Goal of the exercise: All of the listing must be given again exactly, except that the images are dropped.

Data segment:

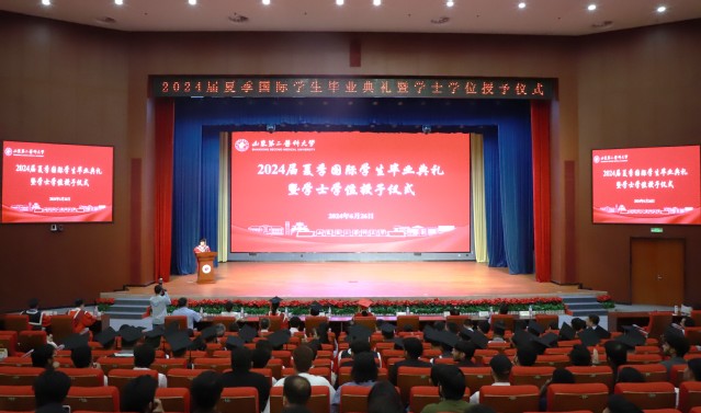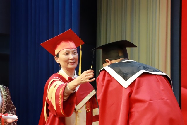 6月26日下午,学校2024届夏季国际学生毕业典礼暨学士学位授予仪式在浮烟山校区文体活动中心报告厅举行,校长管英俊,副校长卢国华、梁淑娟出席典礼。
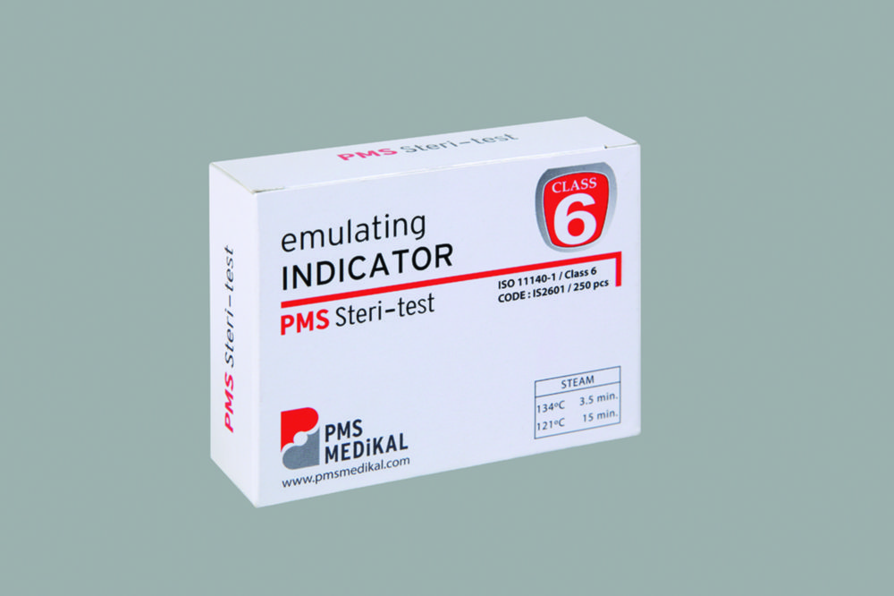 Der wasserbasierende und ungiftige chemische Indikator entsprechend ISO 11140-1 verfärbt sich bei ausreichender Dampfeinwirkung von blau nach schwarz. Die PMS-SteriTest Indikatorstreifen sind kostengünstig und können für eine noch sparsamere Nutzung in zwei separate Streifen geteilt werden.
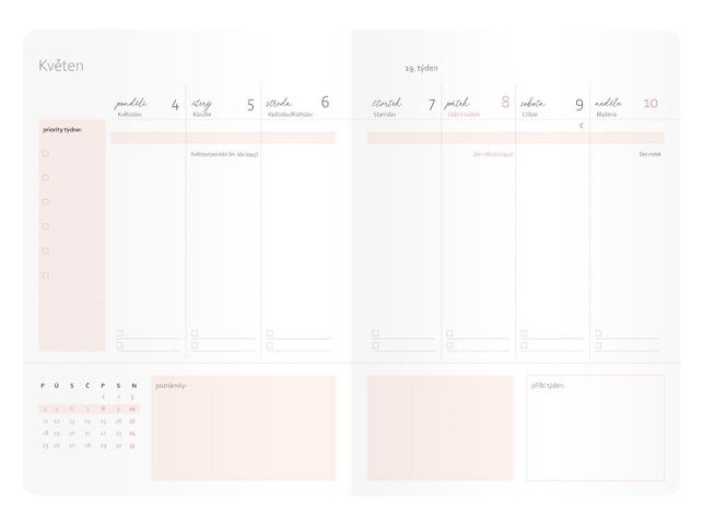 Nechte prostor svým myšlenkám! Inspirační diář pro rok 2026 v elegantní béžové barvě působí klidně a vyrovnaně – a přesně takový může být i váš rok. Matná PU obálka je příjemná na dotek, zlatý motiv dodává jemný akcent. Praktická gumička udržuje diář zavřený, když zrovna nechcete řešit vůbec nic. Formát A5 je ideální na pracovní stůl, do kabelky i pro chvíle jen s tužkou a vlastními myšlenkami. V diáři najdete přehledné české týdenní kalendárium, kvalitní jemný papír a stránky, které nejsou jen o úkolech – ale také o vás. Citáty, prostor pro psaní, plánování, zpomalení i drobnou kreativitu. DIÁŘ OBSAHUJE: - záložky pro pohodlnou organizaci - archy se samolepkami - lekce krasopsaní - prostor pro plánování - roční přehled roku - jmenné kalendárium - měsíční plán - státní svátky a významné dny - fáze měsíce - letní a zimní čas - znamení - přehled měsíce - prostor pro poznámky a týdenní cíle Formát: A5 Vazba: šitá V8 Barva: béžová Papír: 100 g/m2 Počet stran: 240 Kalendárium: týdenní Rozměr: 140 x 205 mm Povrch a zpracování obálky: PU Uvedená cena je za 1 ks.

Output:
 6月26日下午,学校2024届夏季国际学生毕业典礼暨学士学位授予仪式在浮烟山校区文体活动中心报告厅举行,校长管英俊,副校长卢国华、梁淑娟出席典礼。
 Der wasserbasierende und ungiftige chemische Indikator entsprechend ISO 11140-1 verfärbt sich bei ausreichender Dampfeinwirkung von blau nach schwarz. Die PMS-SteriTest Indikatorstreifen sind kostengünstig und können für eine noch sparsamere Nutzung in zwei separate Streifen geteilt werden.
 Nechte prostor svým myšlenkám! Inspirační diář pro rok 2026 v elegantní béžové barvě působí klidně a vyrovnaně – a přesně takový může být i váš rok. Matná PU obálka je příjemná na dotek, zlatý motiv dodává jemný akcent. Praktická gumička udržuje diář zavřený, když zrovna nechcete řešit vůbec nic. Formát A5 je ideální na pracovní stůl, do kabelky i pro chvíle jen s tužkou a vlastními myšlenkami. V diáři najdete přehledné české týdenní kalendárium, kvalitní jemný papír a stránky, které nejsou jen o úkolech – ale také o vás. Citáty, prostor pro psaní, plánování, zpomalení i drobnou kreativitu. DIÁŘ OBSAHUJE: - záložky pro pohodlnou organizaci - archy se samolepkami - lekce krasopsaní - prostor pro plánování - roční přehled roku - jmenné kalendárium - měsíční plán - státní svátky a významné dny - fáze měsíce - letní a zimní čas - znamení - přehled měsíce - prostor pro poznámky a týdenní cíle Formát: A5 Vazba: šitá V8 Barva: béžová Papír: 100 g/m2 Počet stran: 240 Kalendárium: týdenní Rozměr: 140 x 205 mm Povrch a zpracování obálky: PU Uvedená cena je za 1 ks.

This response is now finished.